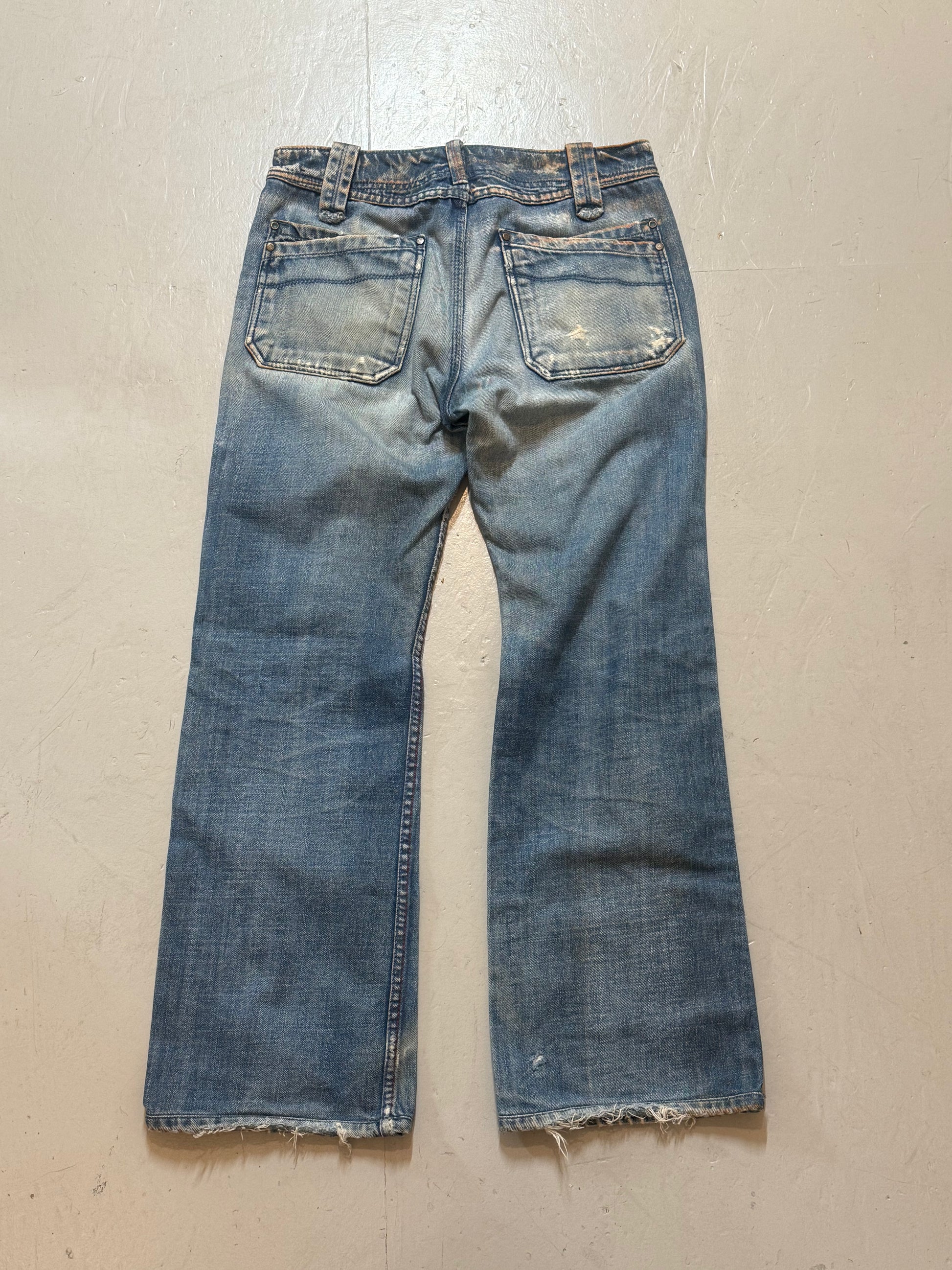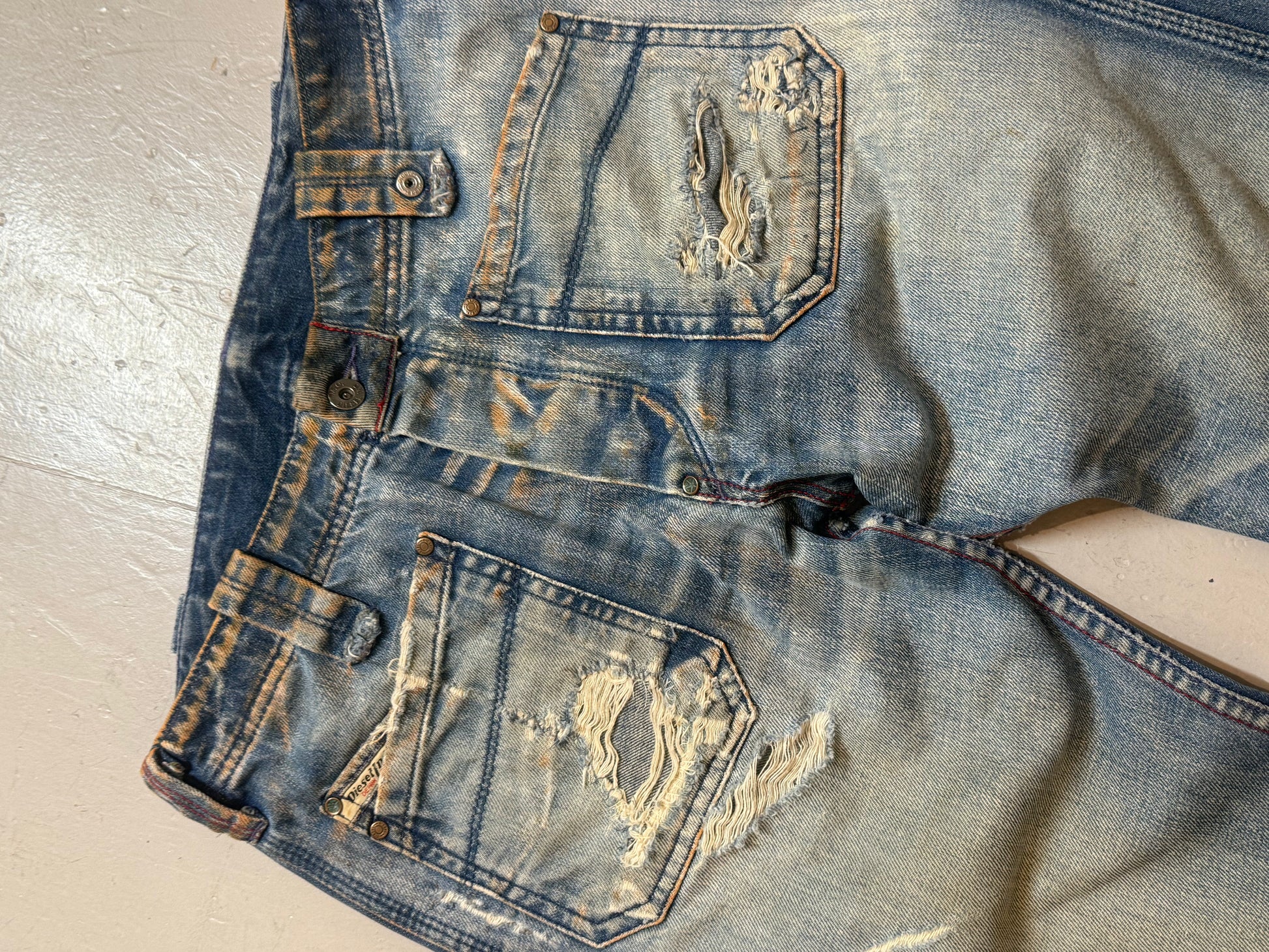 Early 2000's Diesel naval style denim, with repairs done by hand
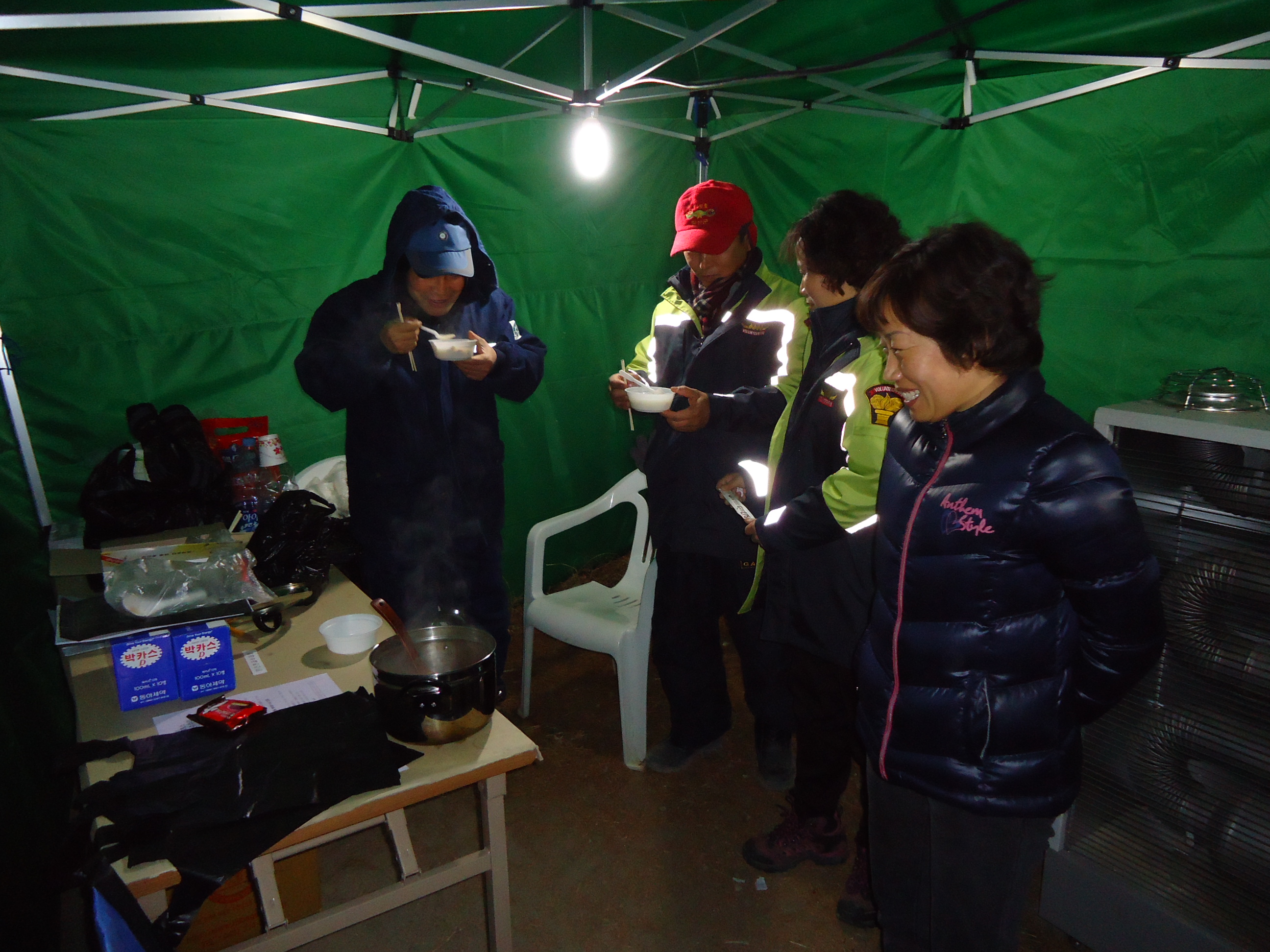 밤 10시에 구제역방제작업을 하고 있는 분들께 어묵국과 차를 대접했습니다.(둔내남성의
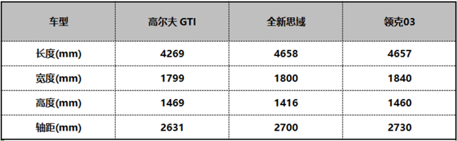 其次,在车身尺寸上,虽然三款车型都定位于紧凑型运动轿车,消费者对空间不会抱太高期望。但从车身尺寸来看,全新CIVIC思域的车身最长,并与领克03在轴距上直逼更高一级中型轿车,为消费者带来舒适的乘坐空间与宽裕的使用空间。
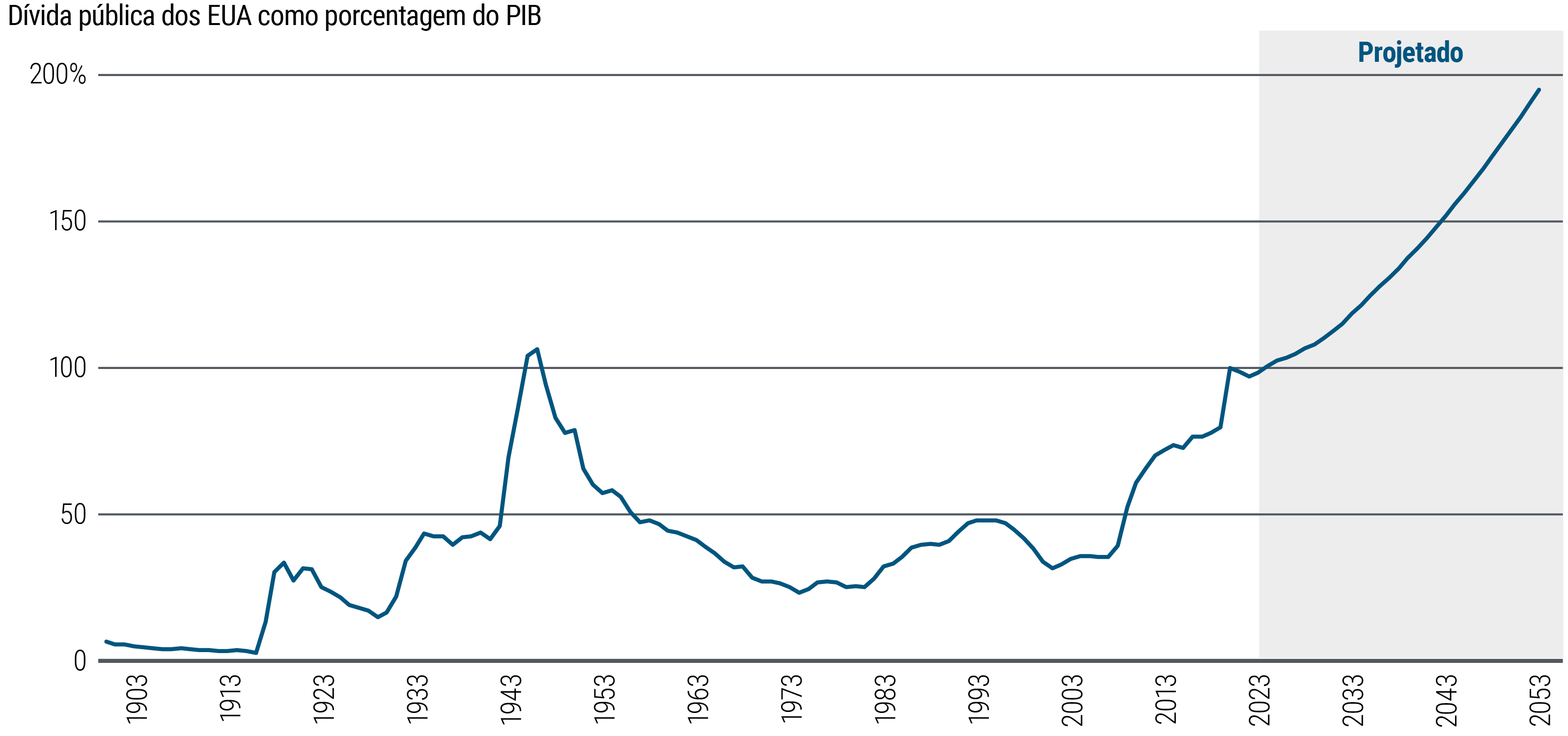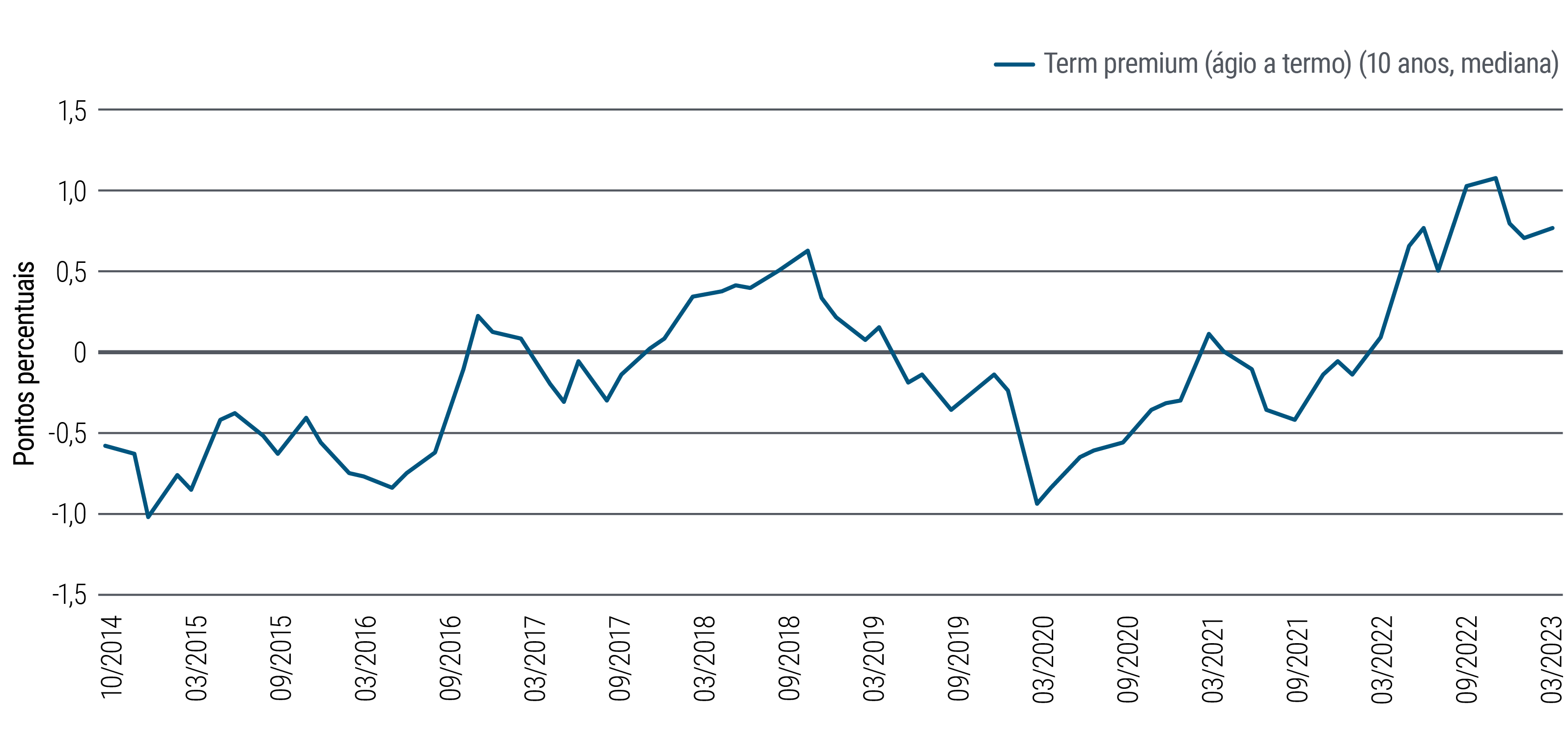 No ano passado, a crise do investimento direcionado por passivos (liability-driven investment, LDI) no Reino Unido foi um lembrete de que as preocupações com a estabilidade fiscal podem afetar os principais países dos mercados desenvolvidos com suas próprias moedas, bem como a zona do euro e os mercados emergentes. Os preços de mercado não sugerem altos níveis de preocupação com a estabilidade fiscal no longo prazo, mas o Reino Unido pode ser um sinal de alerta em relação a essa questão.

|---|

**What you are asked to do**
Copy out each line of the data exactly as it reads; skip the pictures.

**Answer box**
 Early 2000's Diesel naval style denim, with repairs done by hand
 밤 10시에 구제역방제작업을 하고 있는 분들께 어묵국과 차를 대접했습니다.(둔내남성의
 其次,在车身尺寸上,虽然三款车型都定位于紧凑型运动轿车,消费者对空间不会抱太高期望。但从车身尺寸来看,全新CIVIC思域的车身最长,并与领克03在轴距上直逼更高一级中型轿车,为消费者带来舒适的乘坐空间与宽裕的使用空间。
 No ano passado, a crise do investimento direcionado por passivos (liability-driven investment, LDI) no Reino Unido foi um lembrete de que as preocupações com a estabilidade fiscal podem afetar os principais países dos mercados desenvolvidos com suas próprias moedas, bem como a zona do euro e os mercados emergentes. Os preços de mercado não sugerem altos níveis de preocupação com a estabilidade fiscal no longo prazo, mas o Reino Unido pode ser um sinal de alerta em relação a essa questão.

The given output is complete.